In addition, the school is developing an advisory program through which students will meet 20 minutes a day with the same teacher.

Teacher pay is another area in which Sci High faces “stiff competition from other schools,” MacPhee said. One of every four teachers will not be returning next year, the school estimates, and so Sci High is recruiting teachers through Craigslist and teacher fairs, such as Teach NOLA.  So far 23 candidates have been interviewed and two hired, both of them experienced teachers.

Newly minted Recovery School District schools challenge Sci High’s access to new recruits by offering up to $2,000 in signing bonuses, financed through grants and $250,000 in startup money.

Despite the competition, Sci High insists that all teachers meet high expectations.

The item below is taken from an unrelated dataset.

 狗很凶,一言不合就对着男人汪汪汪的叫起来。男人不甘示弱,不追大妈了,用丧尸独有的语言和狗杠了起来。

“I’m very much attracted to people who are deeply committed and will work very hard to do whatever it takes,” MacPhee said. “I want a teacher who is going to develop a good relationship with the students and who will be very adaptable.”

French added that, in addition to a teacher’s passion and willingness to work hard, he or she must also work to build institutional knowledge.

In other news, with Sci High still searching for a financial director, French provided a broad-brush report indicating that 57.33 percent of the budget for the current school year has been spent. The number is in stride with projections, though cash flow problems may lie ahead.

Board member Martha McKnight reported that 60% of applications to local foundations have been submitted in the past month and half. The school did not receive a grant from the federal Striving Readers Comprehensive Literacy program but intends to reapply next year.

“We weren’t counting on the money, but it would’ve made our lives easier,” McKnight said.